SUPPLIED DATA:

-- Opening Marker --

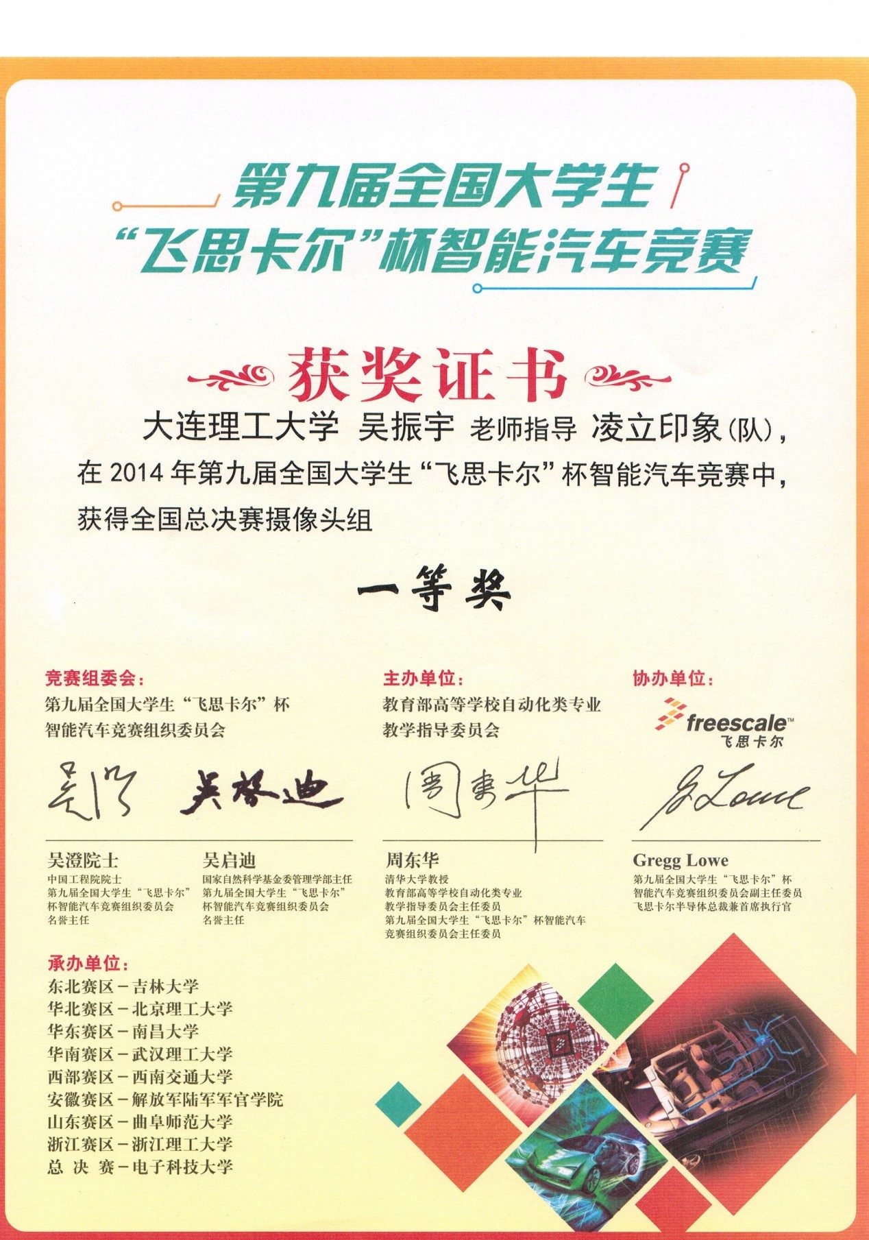 2014年第九届“飞思卡尔杯”全国大学生智能车竞赛全国一等奖1项,赛区一等奖2项,赛区二等奖4项;
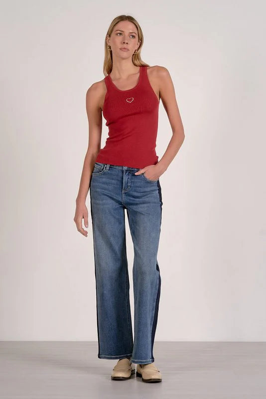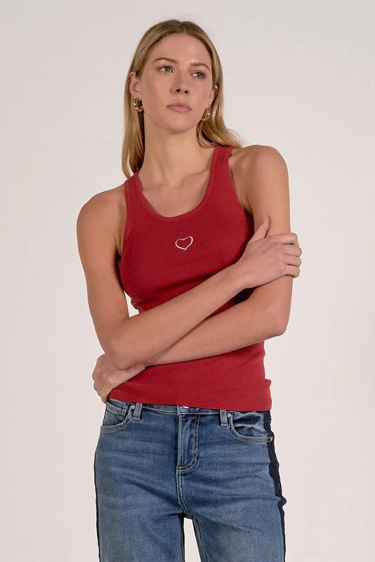 Make a playful statement in the Tina tank — a fitted ribbed knit with contrast stitching and dainty embroidery. Designed with a high neckline and cropped hem, this tank is the perfect base for denim or cargo pants and layers easily under a jacket for transitional wear.
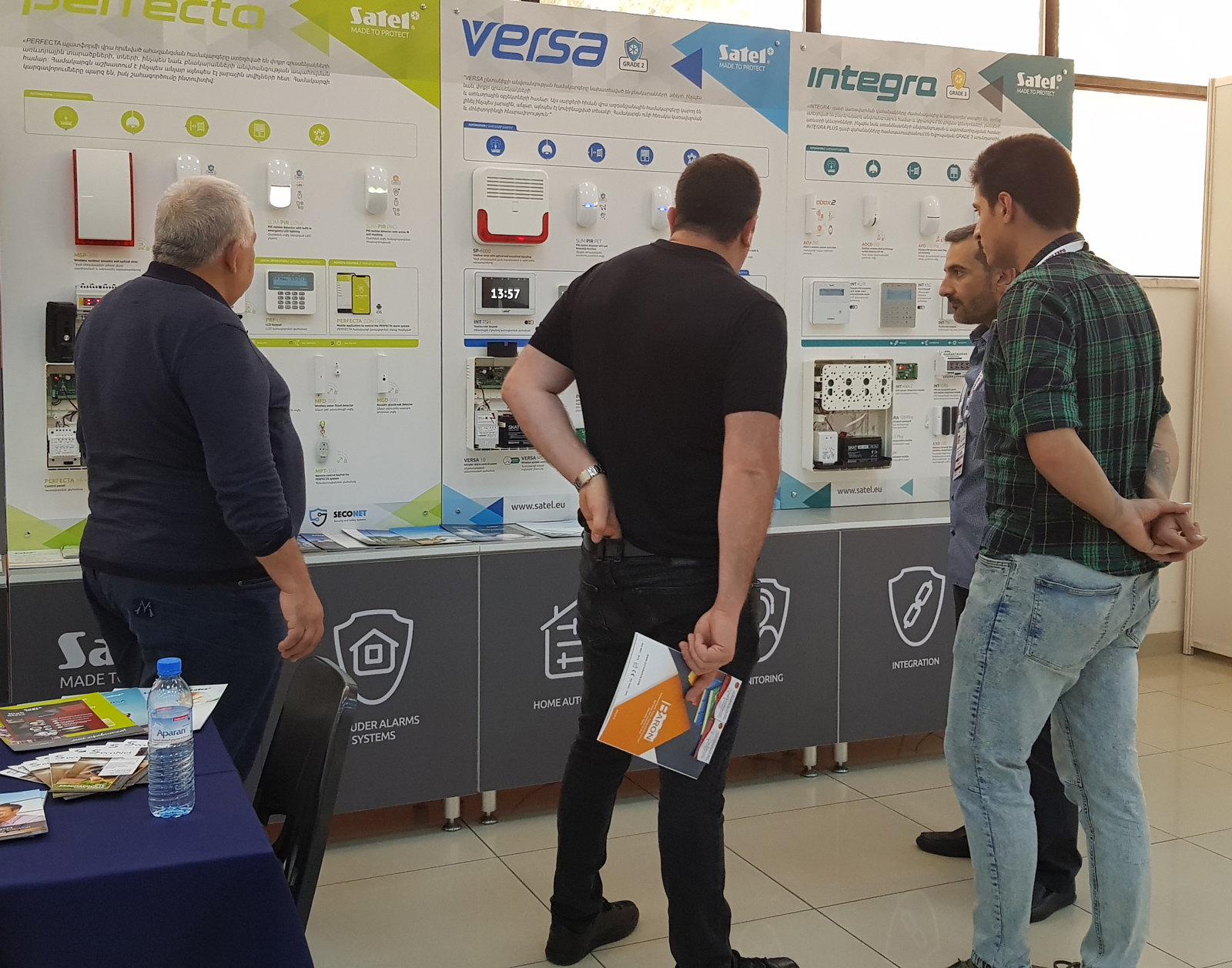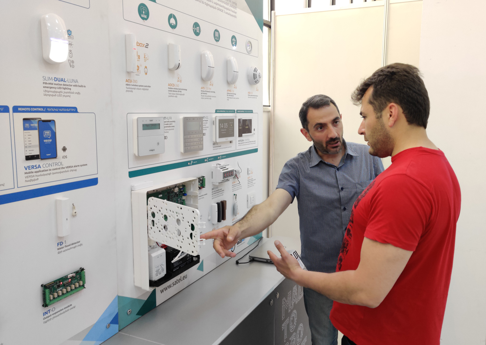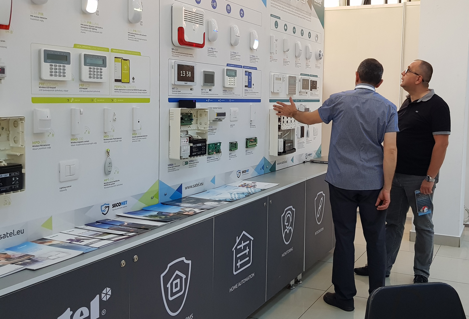 Goście mogli z bliska przyjrzeć się urządzeniom SATEL, pracującym w ramach systemów alarmowych PERFECTA, VERSA oraz INTEGRA, a także produktom z rodziny urządzeń bezprzewodowych ABAX 2. Na ściance wystawienniczej znalazły się też m.in. czujki ruchu z rodziny SLIM LINE, manipulatory dotykowe INT-TSI, INT-TSH i INT-TSG oraz tradycyjne manipulatory PRF-LCD, moduły komunikacyjne czy piloty do zdalnego sterowania systemem.

-- Closing Marker --

EXERCISE PROMPT:
Only the lines from the one containing "Make a playful" through the final line of the material should appear in the answer, copied exactly and without any picture.

RESPONSE TO THIS EXERCISE:
 Make a playful statement in the Tina tank — a fitted ribbed knit with contrast stitching and dainty embroidery. Designed with a high neckline and cropped hem, this tank is the perfect base for denim or cargo pants and layers easily under a jacket for transitional wear.
 Goście mogli z bliska przyjrzeć się urządzeniom SATEL, pracującym w ramach systemów alarmowych PERFECTA, VERSA oraz INTEGRA, a także produktom z rodziny urządzeń bezprzewodowych ABAX 2. Na ściance wystawienniczej znalazły się też m.in. czujki ruchu z rodziny SLIM LINE, manipulatory dotykowe INT-TSI, INT-TSH i INT-TSG oraz tradycyjne manipulatory PRF-LCD, moduły komunikacyjne czy piloty do zdalnego sterowania systemem.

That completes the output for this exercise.